ComplicationsBy Mayo Clinic staff
Generally, post-polio syndrome is rarely life-threatening, but severe muscle weakness can lead to complications:
- Falls. Weakness in your leg muscles makes it easier for you to lose your balance and fall. A fall may result in a broken bone, such as a hip fracture, leading to other complications.
- Malnutrition, dehydration, pneumonia. People who've had bulbar polio, which affects nerves leading to muscles involved in chewing and swallowing, often have difficulty with these activities as well as other signs of post-polio syndrome. Chewing and swallowing problems can lead to inadequate nutrition and to dehydration, as well as aspiration pneumonia, which is caused by inhaling (aspirating) food particles into your lungs.

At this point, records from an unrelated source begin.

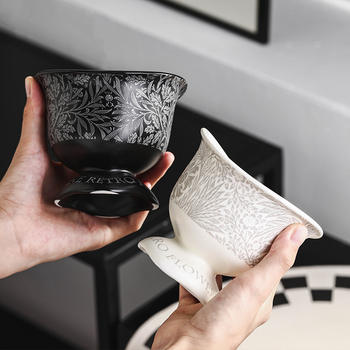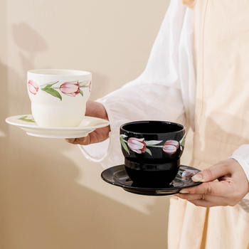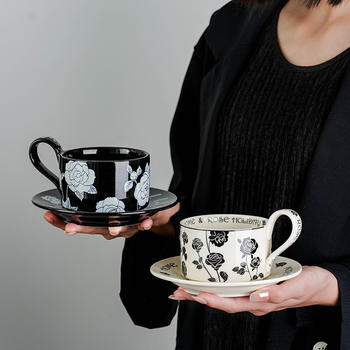 Black Rose Ceramic Latte Mug Set with Saucer – Vintage Home Coffee Cups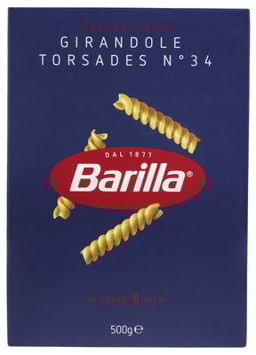 Girandole Torsades pasta fra Barilla er den nettere varianten av den mer kjente formen Fusilli. I tillegg til å være en liten og nett, kort pasta, har Girandole pastaskruer også kortere koketid enn Fusilli pasta (6 minutter). Girandole-pasta fra Italia passer, takket være sin delikate form, perfekt i for eksempel salater og supper.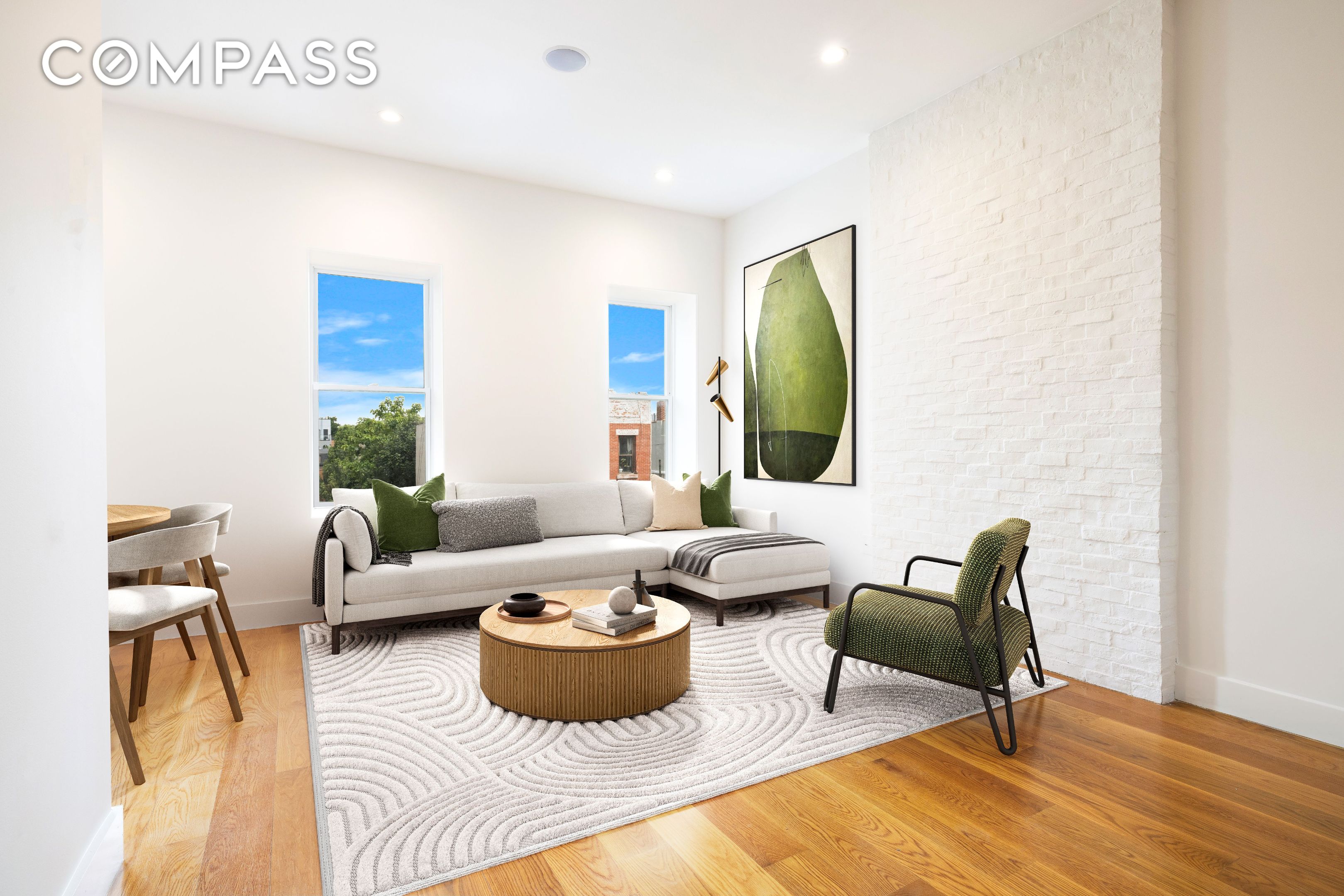 Apartment 4 at 140 Jefferson Avenue is a 1,030 square foot gem featuring two bedrooms and two full bathrooms. Upon entering, you'll be dazzled by the sprawling, bright living area accented with white brick and a windowed dining alcove. With large windows offering treetop views, this property brings the lush outdoors inside. The kitchen boasts a massive island with abundant built-in storage, electrical outlets, and elegant White Macaubas Polished European granite countertops. It is equipped with a 5-burner Bosch gas range, Bosch dishwasher, wide Miele refrigerator, and a farmhouse sink. The units boast sleek six-inch wide plank White Oak floors, quiet split system heating and cooling, soaring 9'+ ceilings, Bluetooth sound systems with speakers in every room, and in-unit Samsung washers and dryers.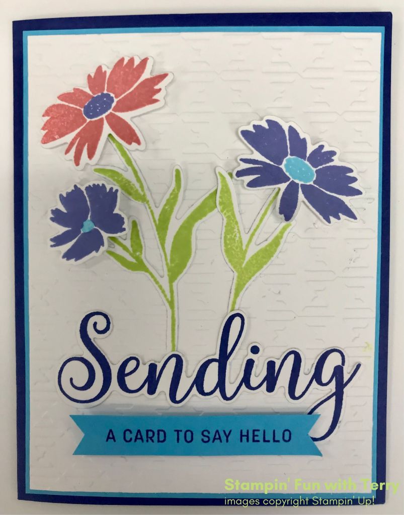 I stamped the flowers from the Sending Smiles Bundle on Whisper White Cardstock. I stamped the stems in Parakeet Party Ink and the flowers in Sweet Sorbet, Starry Sky, and Tahitian Tide Ink.
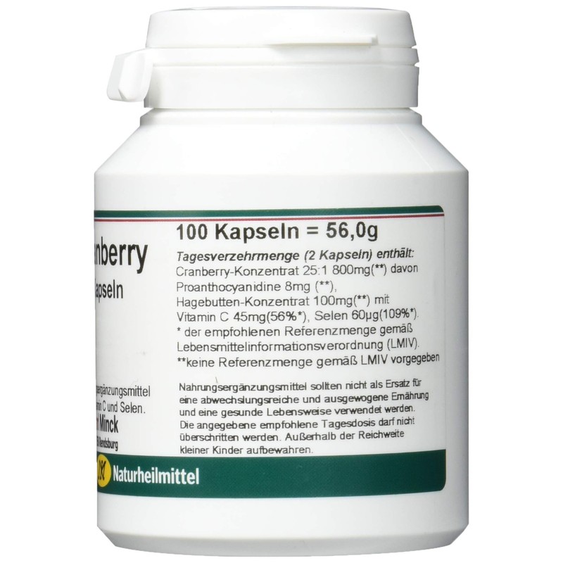 - 1 capsule contains: 400 mg cranberry concentrate 25: 1, 50 mg rose hip concentrate. To 45% vitamin C, 30 μg selenium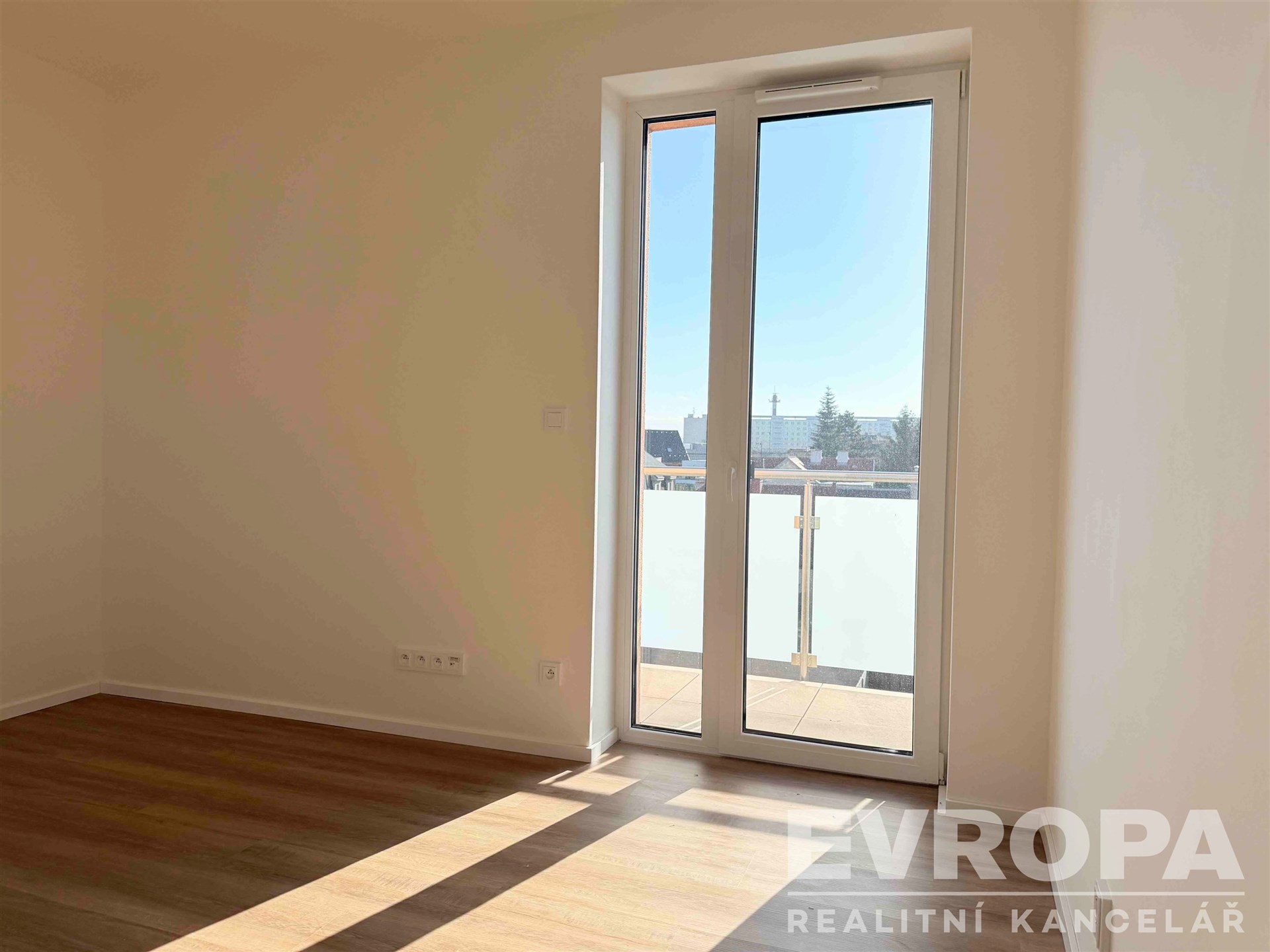 Ložnice je samostatná, světlá a nabízí dostatek prostoru pro manželskou postel i úložné prostory. Z ložnice je vstup na balkón s výhledem do travnatého vnitrobloku.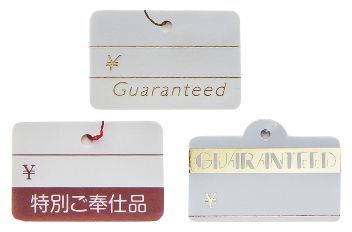 タグ付紙製値札 3種類、各50枚入 定番のタグ付値札です。 A、レッド /450円(税別) B、ゴールド/680円(税別) C、ゴールド/680円(税別) レターパックライト対応 |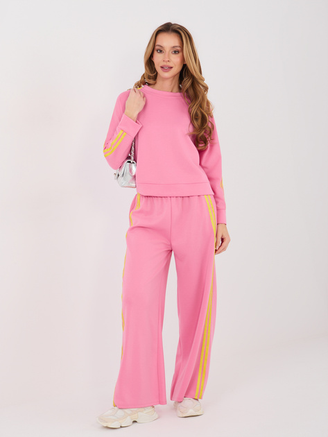 Ciemnoróżowy casualowy komplet z lampasami RUE PARIS .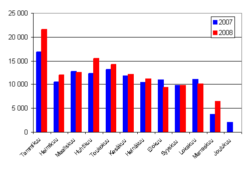 Lähde: Ensirekisteröintitilastot 2008. Tilastokeskus, AKE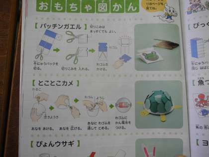 カップ麺のカップや輪ゴム、乾電池を使って「とことこカメ」を作りました。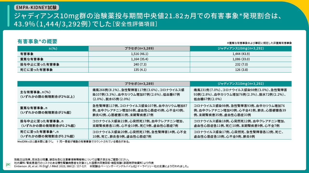 本試験における治験薬投与期間中央値21.82ヵ月での有害事象発現割合は、ジャディアンス群43.9%、プラセボ群46.1%でした。ジャディアンス群で発現割合が2%以上の有害事象は、痛風7.0%、コロナウイルス感染3.0%、急性腎障害2.8%などでした。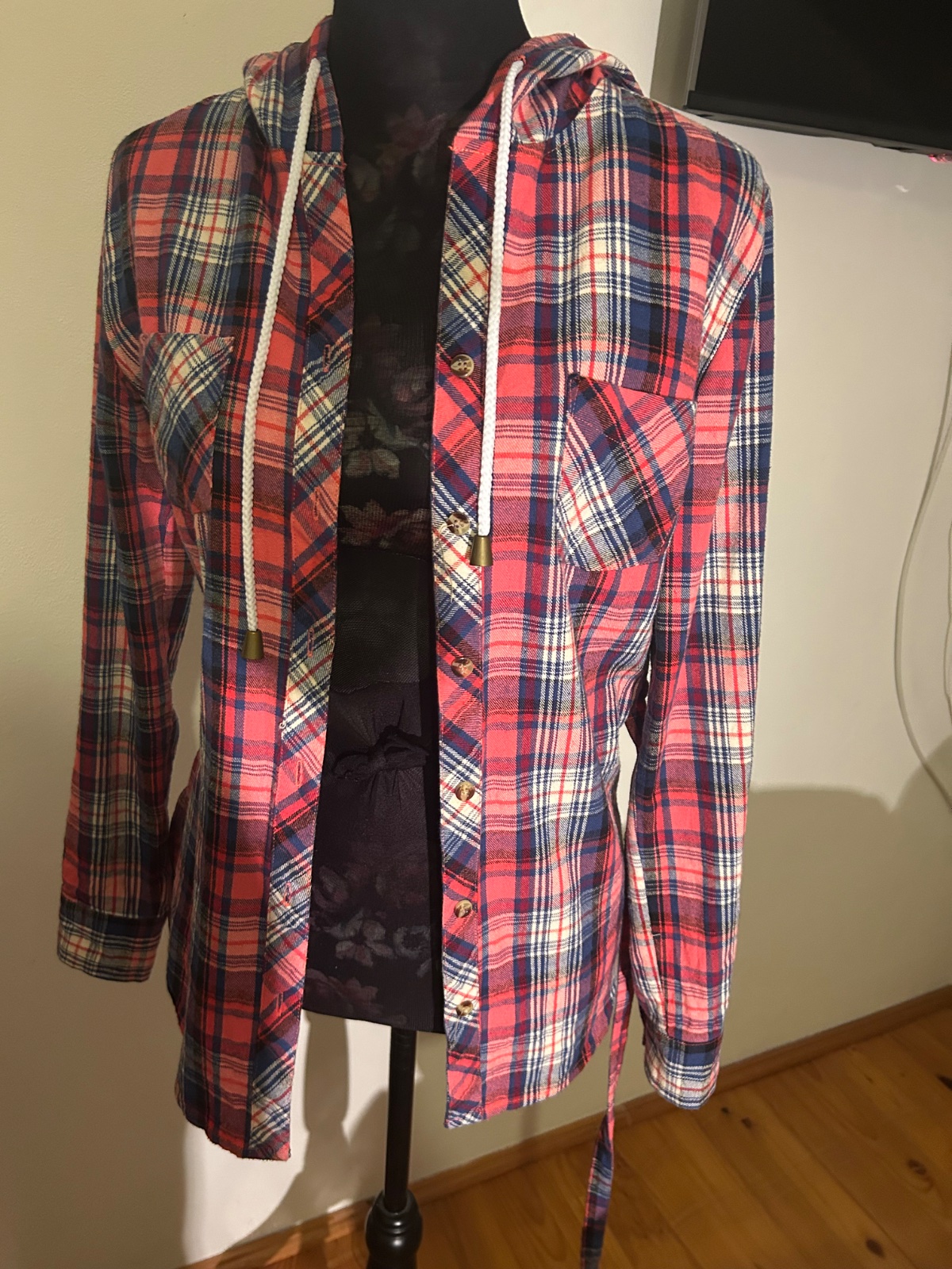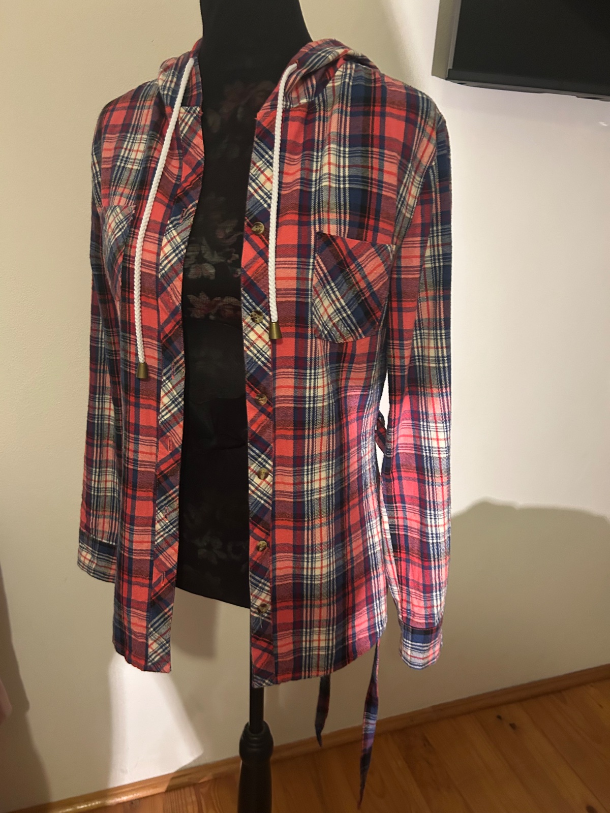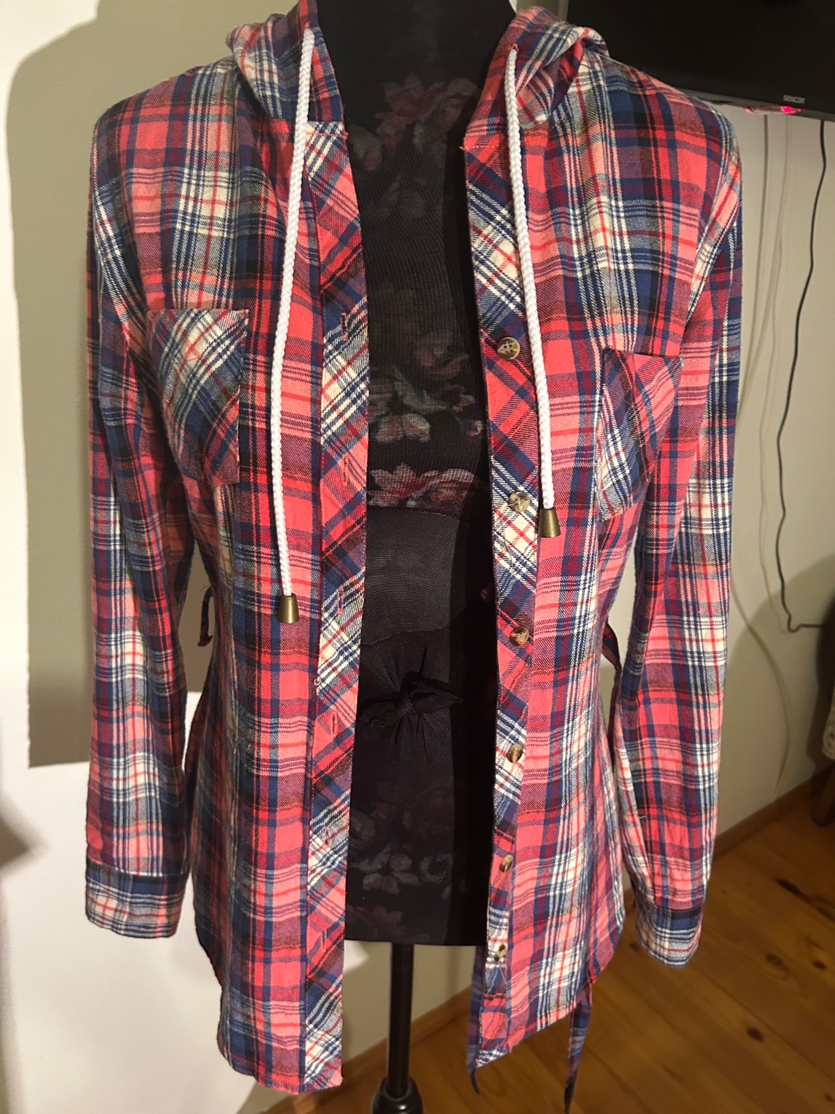 Károvaná košeľa s kapucňou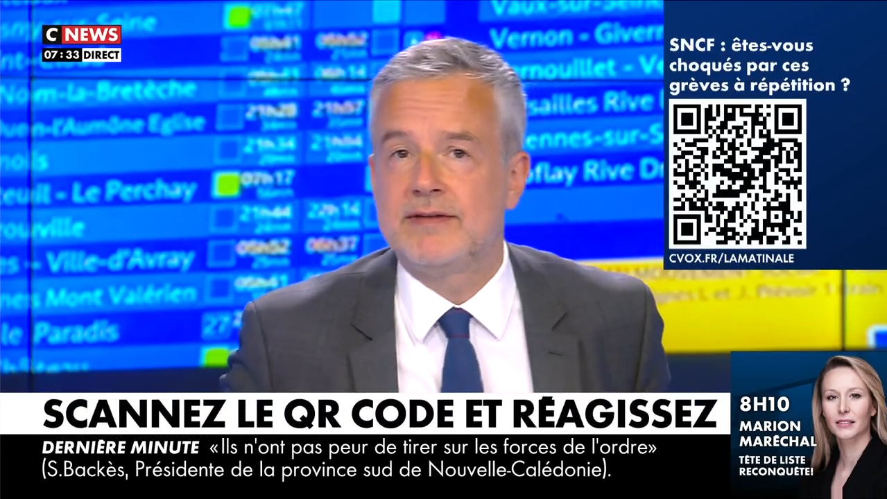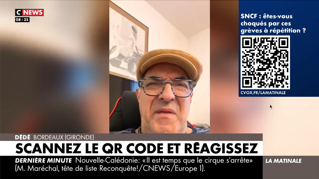 Et pour éviter les témoignages à l'eau tiède de BFMTV (oui, parce que c'est triste que Patrick ait perdu un petit quart d'heure, mais ça reste un petit quart d'heure), CNews a trouvé la parade : demander directement l'avis à ses fans, via un QR Code permettant d'envoyer un témoignage vidéo. Avec une question toute simple : "Est-ce que vous êtes choqués par ces grèves à répétition ? Est-ce qu'il y a deux France, une qui travaille, qui cherche à travailler parfois quand les autres les laissent se déplacer et une autre qui profite de sa position pour bloquer ?"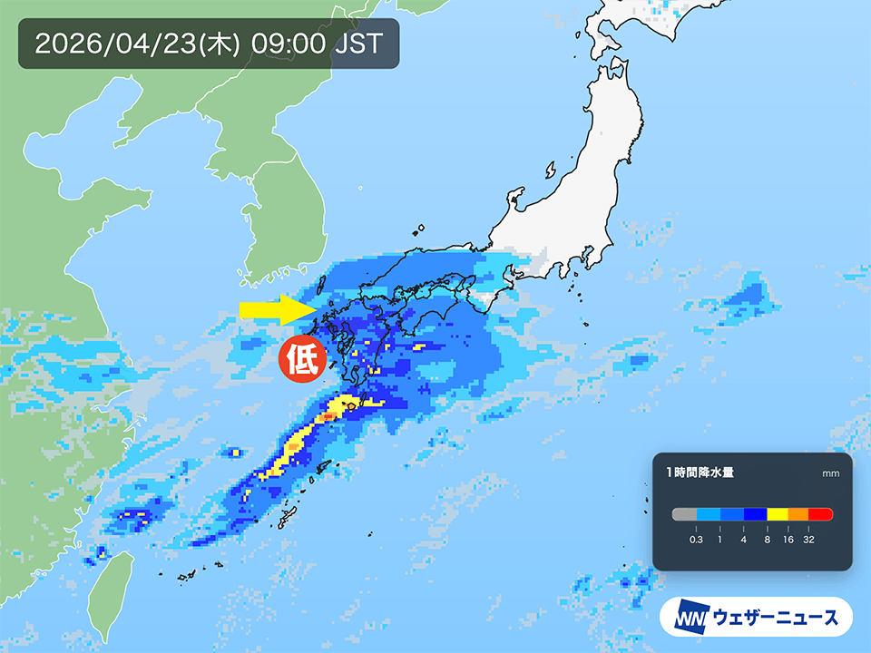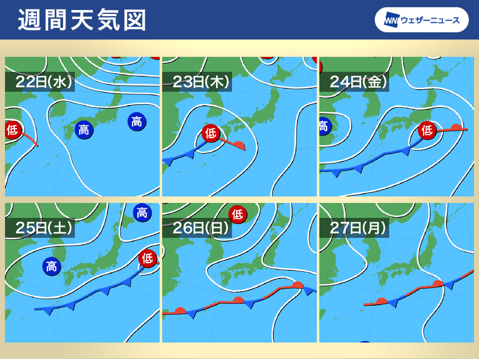 あす22日(水)は晴れる所が多いものの西から天気は下り坂で、九州では午後から雨の降りだす所がありそうです。23日(木)は低気圧の東進に伴い西日本の広範囲で朝から雨となり、東日本も次第に雨が降りだします。24日(金)は雨の残る所があるものの、各地とも回復傾向です。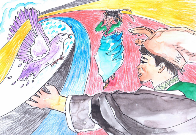 문도령이 옥항에 올라온 걸 어떵사 알아신디 궁안에선 냑 먹으레 오렌 초청을 엿다. 청비가 꿰를 내연 서방 가심더레 소게 뭉텡일 담아주멍,

- Acute respiratory failure. Weakness in your diaphragm and chest muscles makes it harder to take deep breaths and cough, which can ultimately lead to accumulation of fluid and mucus in your lungs. Obesity, smoking, curvature of the spine, anesthesia, prolonged immobility and certain medications can further decrease breathing ability, possibly leading to acute respiratory failure. This is characterized by a sharp drop in blood oxygen levels and may require you to receive treatment to help you breathe (ventilation therapy).
- Osteoporosis. Prolonged inactivity and immobility are often accompanied by loss of bone density and osteoporosis, in both men and women. If you have post-polio syndrome, you may wish to be screened for osteoporosis.